What brings about low back pain?

Low back pain may be triggered by a several factors from injuries to the effects of aging. The spinal cord is shielded by the vertebrae, which are composed of bone. Between each vertebra are soft discs with a ligamentous outer layer. These disks work as shock absorbers to protect the vertebra and the spinal cord. A number of the problems that cause back pain are the result of herniation and degeneration of the intervertebral disc. Degeneration is a process whereby wear and tear causes degeneration of the disk. Herniations, or bulging of the disk are protrusions from the disk that press on surrounding nerves, triggering pain or numbness.

If I undergo Spinal Decompression therapy, how much time does it take to see results?

The majority of patients see a decrease in pain after the first handful of sessions. Normally, significant improvement is obtained by the second week of therapy.

How much time does it take to finish Spinal Decompression treatment?

Patients remain on the system for 30-45 minutes, everyday for the first two weeks, three times a week for the following 2 weeks, and followed up by two times a week for the last two weeks.

Do I qualify for Decompression treatment?

Since I began using Spinal Decompression spinal disc decompression device, I’ have been flooded with questions from both doctors and patients as to which cases it will best help. Obviously proper patient selection is essential to favorable results, so let me explain to you of the Inclusion and Exclusion criteria so you can make the appropriate decision since not everyone qualifies for Spinal Decompression treatment.

Inclusion Criteria:

  • Pain caused by herniated and bulging lumbar discs that is in excess of four weeks old
  • Recurrent pain from a failed back surgery that is at least 6 months old.
  • Consistent pain from degenerated disc not reacting to 4 weeks of treatment.
  • Patients available for 4 weeks of treatment.
  • Patient at least eighteen years of age.

Exclusion Criteria:

  • Appliances like pedicle screws and rods
  • Pregnancy
  • Prior lumbar fusion less than 6 months old
  • Metastatic cancer
  • Extreme osteoporosis
  • Spondylolisthesis (unstable)
  • Compression fracture of lumbar spine below L-1
  • Pars defect.
  • Pathologic aortic aneurysm.
  • Abdominal or pelvic cancer.
  • Disk space infections.
  • Severe peripheral neuropathy.
  • Hemiplegia, paraplegia, or cognitive dysfunction.

Is there any side effects to the therapy?

The majority of patients do not experience any side effects. There have been some mild cases of muscle spasm for a quick period of time.

How does Spinal Decompression separate each vertebra and enable decompression at a certain level?

Decompression is obtained by using a specific mix of spinal positioning and varying the degree and level of force. The key to producing this decompression is the soft pull that is created by a logarithmic curve. When distractive forces are produced on a logarithmic curve the typical proprioceptor response is avoided. Eliminating this response allows decompression to occur at the targeted spot.

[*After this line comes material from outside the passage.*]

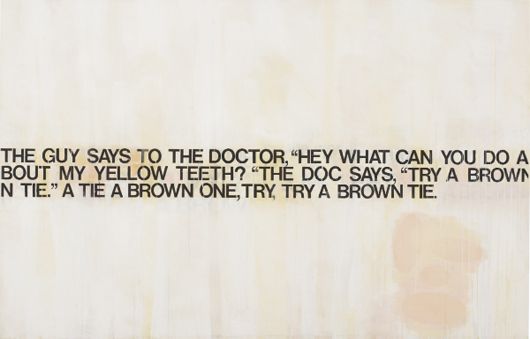 The American artists however, were not immune, despite their pricing in reasonable £250,000 to £500,000 pound ranges: a typical 2004 Ed Ruscha (pictured below) failed to sell. It was estimated at £300,000 to £500,000. The same fate met Lisa Yuskavage’s 2003 “Dark Garden II” (pictured below) against an estimate of £250,000 to £350,000, and a 2001 painting from Richard Prince’s “Joke” series against an estimate of £400,000 to £600,000. A 1988 Donald Judd estimated at £550,000 to £750,000 was also taken back in.

Are there any risks to the patient during therapy on Spinal Decompression?

Absolutely Not. Spinal Decompression is entirely safe and comfortable for all subjects. The system has emergency stop switches for both the operator and the patient. These switches (a requirement of the FDA) cancel the treatment immediately thereby avoiding any injuries.

How does Spinal Decompression therapy differ from regular spinal traction?

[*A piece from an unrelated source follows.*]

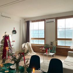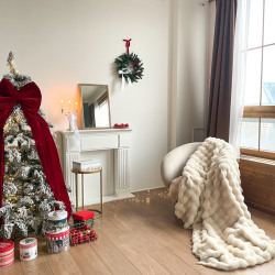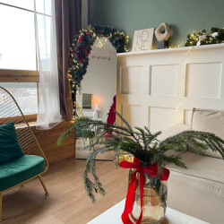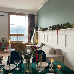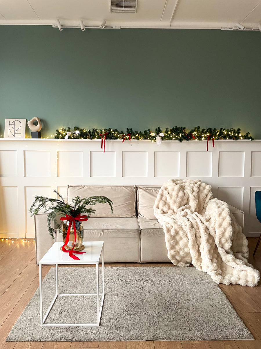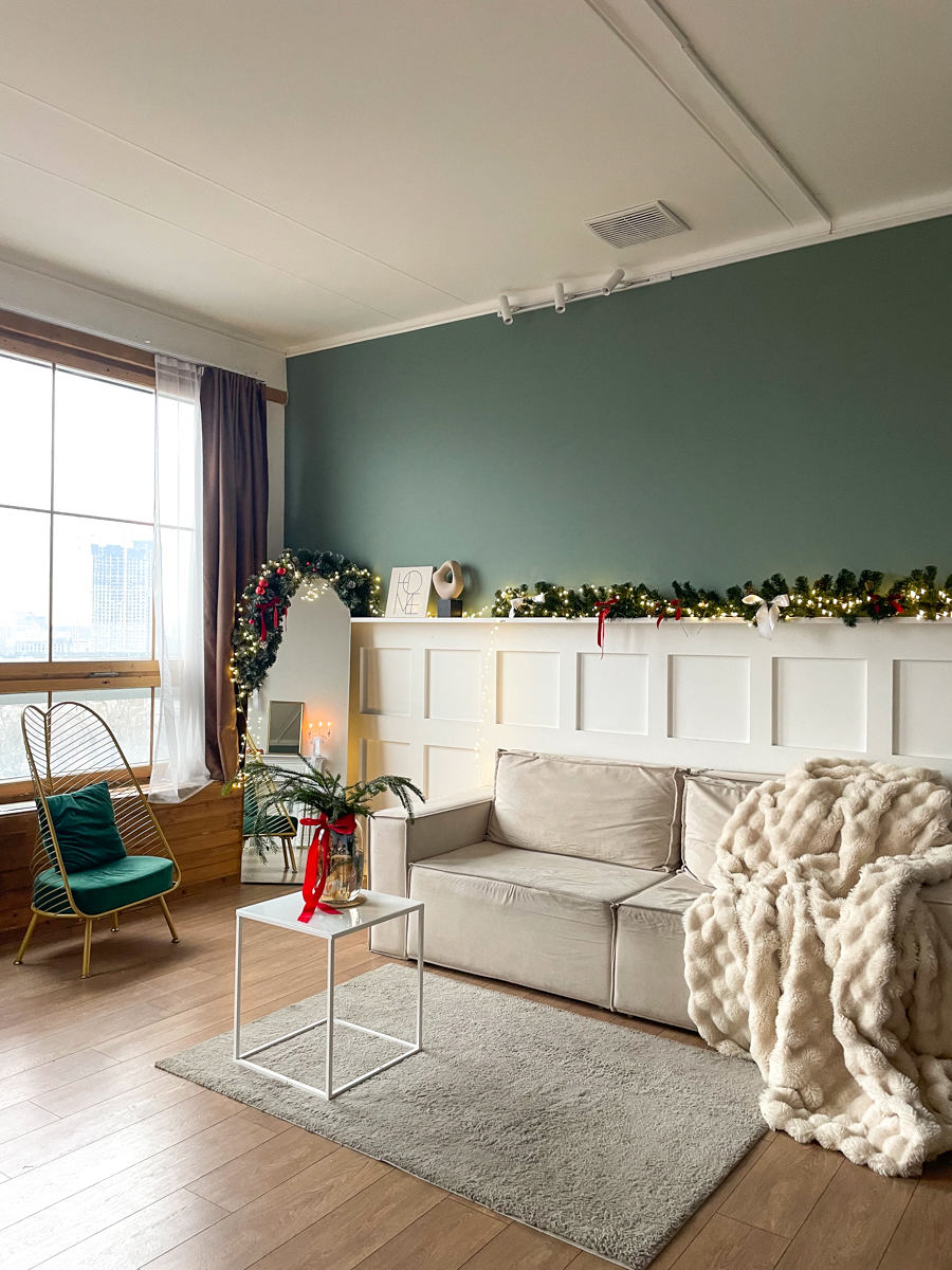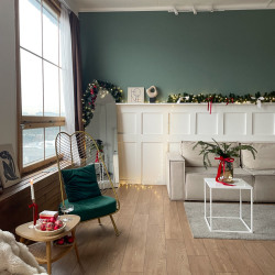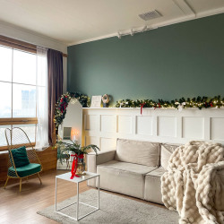 Елочная гирлянда на стене ( над диваном) не убирается.

Traction is useful at treating some of the conditions arising from herniated or degeneration. Traction can not address the source of the problem. Spinal Decompression generates a negative pressure inside the disc. This effect causes the disk to pull in the herniation and the increase in negative pressure also triggers the flow of blood and nutrients back into the disc allowing the body’s natural fibroblastic response to heal the injury and re-hydrate the disc. Traction and inversion tables, at best, can lower the intradiscal pressure from a +90 to a +30 mmHg. Spinal Decompression is clinically proven to reduce the intradiscal pressure to between a -150 to -200 mmHg. Traction leads to the body’s normal response to stretching by generating painful muscle spasms that exacerbate the pain in affected area.

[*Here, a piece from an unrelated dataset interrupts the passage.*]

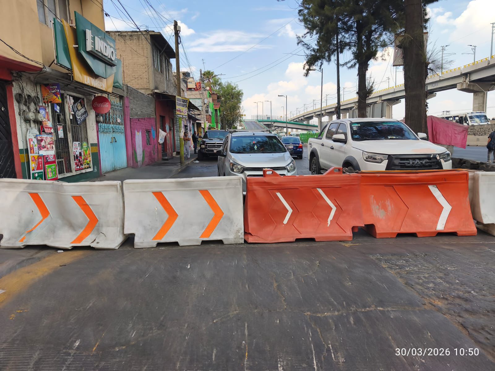 Las obras forman parte del desarrollo del Trolebús Chalco–Santa Martha, proyecto iniciado en 2025 y que aún mantiene estaciones en construcción sobre la autopista.

Can Spinal Decompression be utilized for patients that have had spinal surgery?

Spinal Decompression treatment is not contra-indicated for patients that have had spinal surgery. Plenty of patients have found success with Spinal Decompression after a failed back surgery.

Who is not a candidate for Spinal Decompression treatment?

Anyone who has recent spinal fractures, surgical fusion or metallic hardware, surgically repaired aneurysms, infection of the spine, and/or moderate to extreme osteoporosis.

Who is a candidate for Spinal Decompression?

Anyone who has been told they need surgery but wants to avoid it, anyone who has been advised there is nothing more offered to help, anyone who failed to significantly respond to conservative methods (medications, physical therapy, injections, chiropractic, acupuncture), or anyone who still has pain but wishes to obtain the type of care they want.